The Supreme Court's go-ahead to his presidentship of the Board of Control for Cricket in India (BCCI) gives N Srinivasan more time to attend to another of his problems, an off-field one.
India Cements, his flagship company with a significant presence in South India, has seen its market capital erode by a third since June 2009. In the quarter ended June 2013, it saw the lowest Ebitda (earnings before interest, tax, depreciation and amortisation) per tonne compared to peers. Lower, even, than small-cap entities such as Orient Cement.
Profits got impacted further due to loans in foreign currency. It reported mark to market losses (writing down the worth of assets to reflect current values) of Rs 27 crore in the June quarter.
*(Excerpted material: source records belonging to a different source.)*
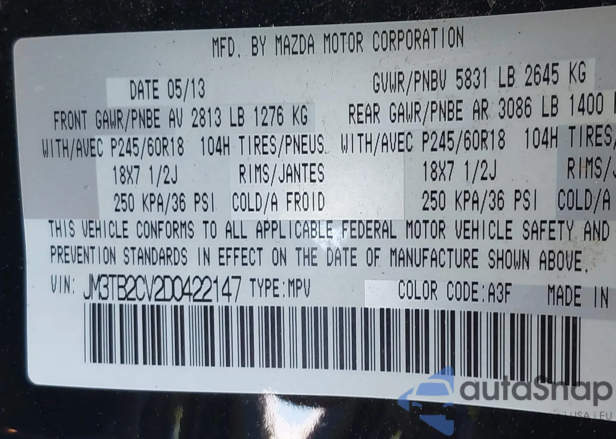 • VIN 1FM5K7F89DGA78078
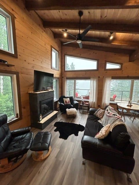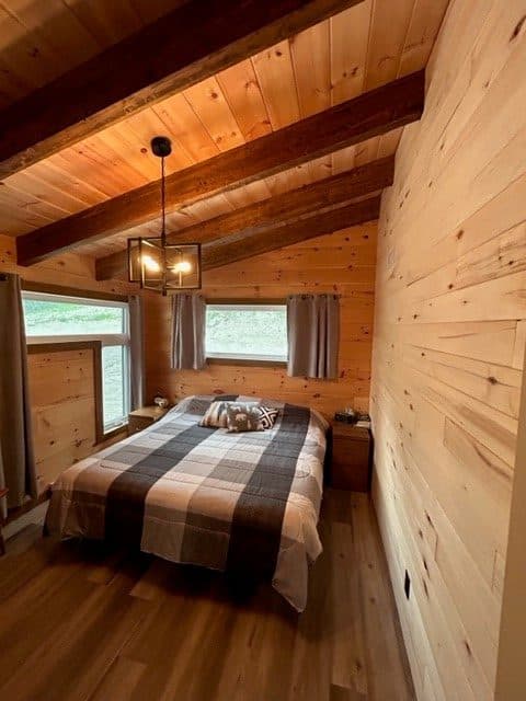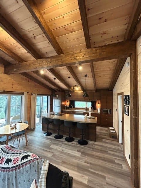 - Complete structure with exposed beams and white pine tongue-and-groove ceiling.
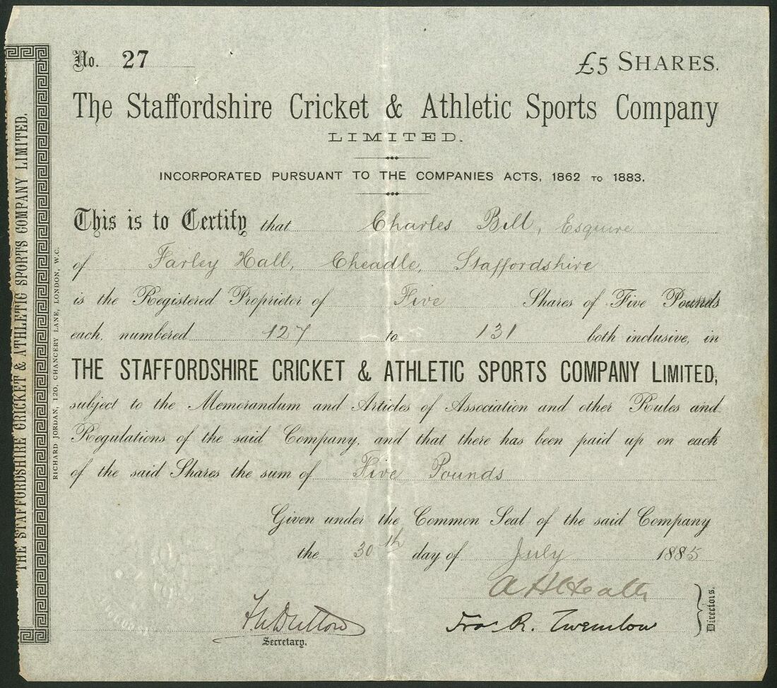 Great Britain: Staffordshire Cricket & Athletic Sports Company Ltd., £5 shares, 188[5], #27, black. Registered in 1885 to lay out grounds for county cricket alongside the North Staffordshire Railway Hotel in Stoke on Trent. Portions of the land were also used for tennis, football, fives and rackets. County matches were played there for many years until the grounds closed before WWII. VF and scarce.
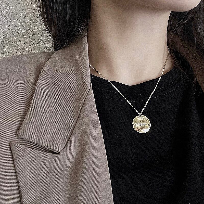 Bumpy round plate necklace C037
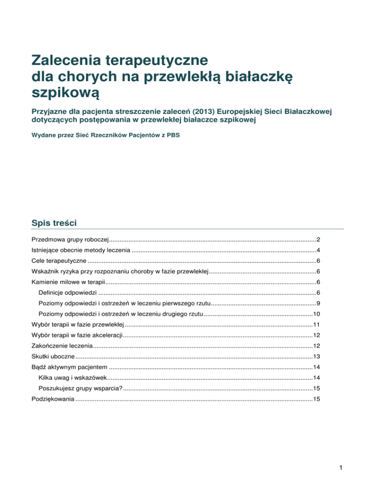 Zalecenia terapeutyczne dla chorych na przewlekłą białaczkę szpikową Przyjazne dla pacjenta streszczenie zaleceń (2013) Europejskiej Sieci Białaczkowej dotyczących postępowania w przewlekłej białaczce szpikowej Wydane przez Sieć Rzeczników Pacjentów z PBS Spis treści Przedmowa grupy roboczej ...................................................................................................................... 2 Istniejące obecnie metody leczenia ......................................................................................................... 4 Cele terapeutyczne .................................................................................................................................. 6 Wskaźnik ryzyka przy rozpoznaniu choroby w fazie przewlekłej ............................................................. 6 Kamienie milowe w terapii ........................................................................................................................ 6 Definicje odpowiedzi ............................................................................................................................ 6 Poziomy odpowiedzi i ostrzeżeń w leczeniu pierwszego rzutu ............................................................ 9 Poziomy odpowiedzi i ostrzeżeń w leczeniu drugiego rzutu .............................................................. 10 Wybór terapii w fazie przewlekłej ........................................................................................................... 11 Wybór terapii w fazie akceleracji ............................................................................................................ 12 Zakończenie leczenia ............................................................................................................................. 12 Skutki uboczne ....................................................................................................................................... 13 Bądź aktywnym pacjentem .................................................................................................................... 14 Kilka uwag i wskazówek ..................................................................................................................... 14 Poszukujesz grupy wsparcia? ............................................................................................................ 15 Podziękowania ....................................................................................................................................... 15 1 Przedmowa grupy roboczej Przewlekła białaczka szpikowa (PBS) jest chroniczną chorobą krwi i szpiku kostnego, której pierwotną przyczyną jest transformacja nowotworowa komórki macierzystej. Komórki macierzyste to swego rodzaju zarodki w szpiku kostnym, które podczas dojrzewania przekształcają się w trzy główne rodzaje komórek krwi: krwinki białe (leukocyty), krwinki czerwone (erytrocyty) i krwinki płytkowe (płytki krwi, trombocyty). Białaczkowe komórki macierzyste są nieprawidłowe i powodują nadmierną produkcję białych krwinek, które przedostają się do krwiobiegu i krążą w całym organizmie. U chorych zwykle powiększa się śledziona. W końcu dochodzi do zastąpienia przez komórki białaczkowe normalnych komórek w szpiku kostnym, co uniemożliwia wytwarzanie zdrowych komórek krwi. W miarę postępu choroby zmniejsza się liczba prawidłowych leukocytów i, oprócz tego, może wystąpić nadprodukcja niedojrzałych komórek leukemicznych, zwanych w żargonie medycznym blastami. W komórkach przewlekłej białaczki szpikowej część jednego chromosomu (numer 9) jest zamieniana na część innego chromosomu (numer 22), wskutek czego powstaje tak zwany chromosom Filadelfia (Philadelphia). W wyniku tego gen zwany Abl, który normalnie znajduje się na chromosomie 9, przemieszcza się i łączy z genem o nazwie BCR, który normalnie znajduje się na chromosomie 22. Ta fuzja (połączenie) genów BCR i Abl daje w rezultacie nieprawidłowy gen o podwyższonej i nieregulowanej ściśle aktywności kinazy tyrozynowej. Prowadzi to do zwiększenia liczby leukocytów i jest uważane za przyczynę przewlekłej białaczki szpikowej. Terapia ukierunkowana na zahamowanie aktywności kinazy tyrozynowej produkowanej przez gen BCR-Abl zrewolucjonizowała leczenie tej choroby na przestrzeni ostatnich piętnastu lat. Europejska Sieć Białaczkowa (European LeukemiaNet – ELN), badawcza sieć doskonałości finansowana przez Unię Europejską, w roku 2006, 2009 i 2013 wydała zalecenia dotyczące postępowania terapeutycznego. Wynikają one z konsensusu 32 ekspertów (z Europy, Ameryki, Azji i regionu Pacyfiku) w dziedzinie przewlekłej białaczki szpikowej, opartym na najlepszych danych naukowych dostępnych w momencie publikacji. Opracowane dla lekarzy zajmujących się tą chorobą, powinny być uznawane przez nich za standard opieki medycznej. Zalecenia odnoszące się do terapii przewlekłej białaczki szpikowej mogą być trudne do zrozumienia przez pacjentów. Sporządziliśmy ten poradnik bez używania specjalistycznego języka, aby chorzy otrzymali łatwe w odbiorze omówienie informacji w nich zawartych. Aktualizacja zaleceń ELN z roku 2013 bierze pod uwagę nowe leki przeciwbiałaczkowe, które niedawno stały się dostępne. Zdefiniowano istotne klinicznie punkty końcowe (czyli efekty leczenia), co umożliwia monitorowanie skuteczności terapii, oraz uwzględniono rolę testów diagnostycznych w kontroli jej przebiegu. Niniejszy informator koncentruje się tylko na treści wydania z 2013 roku i pozostaje ważny do chwili pojawienia się nowej i/lub zaktualizowanej wersji zaleceń terapeutycznych Europejskiej Sieci Białaczkowej. Mamy nadzieję, że to streszczenie będzie pomocnym narzędziem przy omawianiu z lekarzem możliwości postępowania w przewlekłej białaczce szpikowej – warto ten poradnik zabrać z sobą na nas
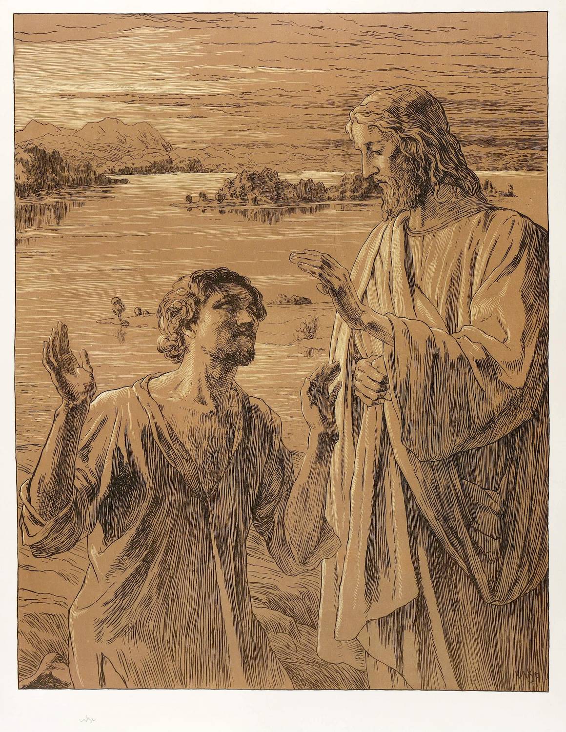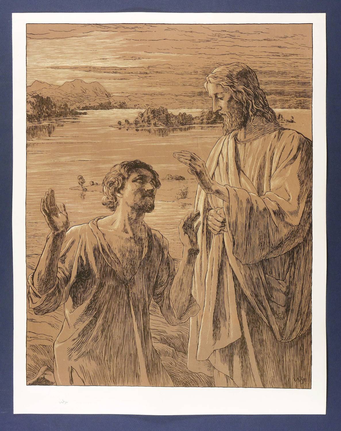 Um 1890. Farblithografie / Federlithografie, in Braun & Schwarz, auf Karton. – Originale Künstlergrafik, von Wilhelm Steinhausen. – 55,3 x 43,6 cm (Darstellung / Druckbild), 61 x 48 cm (Blatt).

A part of the problem is the manufacturing location. India Cements has major capacities in Andhra Pradesh, which has seen a huge impact on cement demand and in turn pricing, due to lower spending on infrastructure by the state government and political issues such as Telangana.
The operational performance is not comparable with larger peers such as UltraTech and ACC, which have an all-India presence. Or with Shree Cement or Ambuja Cement, predominantly North India players
Srinivasan, vice-chairman of India Cements, said the company was engaged in an "unending" battle on the cost front. Especially on coal, freight and fuel; it was focused, he said, on improving of efficiency and keeping variable costs in control. In Andhra Pradesh, there is a power holiday for 12 days in a month; each of the other days has a four-hour stoppage in supply. This has substantially pushed up power and production costs.
The company has invested Rs 500-600 crore in setting up captive power plants of 50 Mw each in Tamil Nadu and Andhra. It has created capacity to generate 160-170 Mw, meeting 80 per cent of its requirement. A company official said the impact will be seen in the Ebitda. From the two power plants, the company expects around Rs 70 crore benefit.
Srinivasan said when it came to cost and other operational parameters, the company was at par with plants in Tamil Nadu. Its debt to equity ratio is also less.
India Cements is able to sell 50 per cent of the cement produced by its Tamil Nadu plants in the state and in Kerala. In comparison, other companies in Tamil Nadu are selling 73-75 per cent of their production in the markets. This leads to a difference in margins.
Srinivasan said the controversies relating to cricket did not distract his attention on the company. "In fact, we re-focused better. Our focus is on how to increase our capacity utilisation."
Analysts say India Cements' revenues from the Indian Premier League cricket tournament have not grown as estimated, though profitability has improved. While analysts as Motilal Oswal estimated Rs 130 crore revenue from the IPL during the June quarter, the actual revenue was Rs 110 crore, lower than the Rs 120 crore in the June 2012 quarter. However, the Rs 32 crore of Ebitda was better than the Rs 21 crore in the year-ago quarter.
V Srinivasan at Angel Broking expects the company's return ratios to remain subdued due to substantial investments in subsidiaries (loans with zero per cent interest). He says at the current market price, though the stock is trading at a low enterprise value to tonne of $50 (Rs 3,060), there are no triggers for an upside and, thus, he remains neutral on the stock.
The hope for the company's performance remains the sustenance of September's price increases.
South India saw the sharpest - the price of a 50-kg bag rose in Chennai, Hyderabad, Kochi and Bangalore by Rs 60, Rs 60, Rs 30 and Rs 25, respectively. Also the company might get some respite on power costs in the second half of FY14, with its captive power plants stabilising.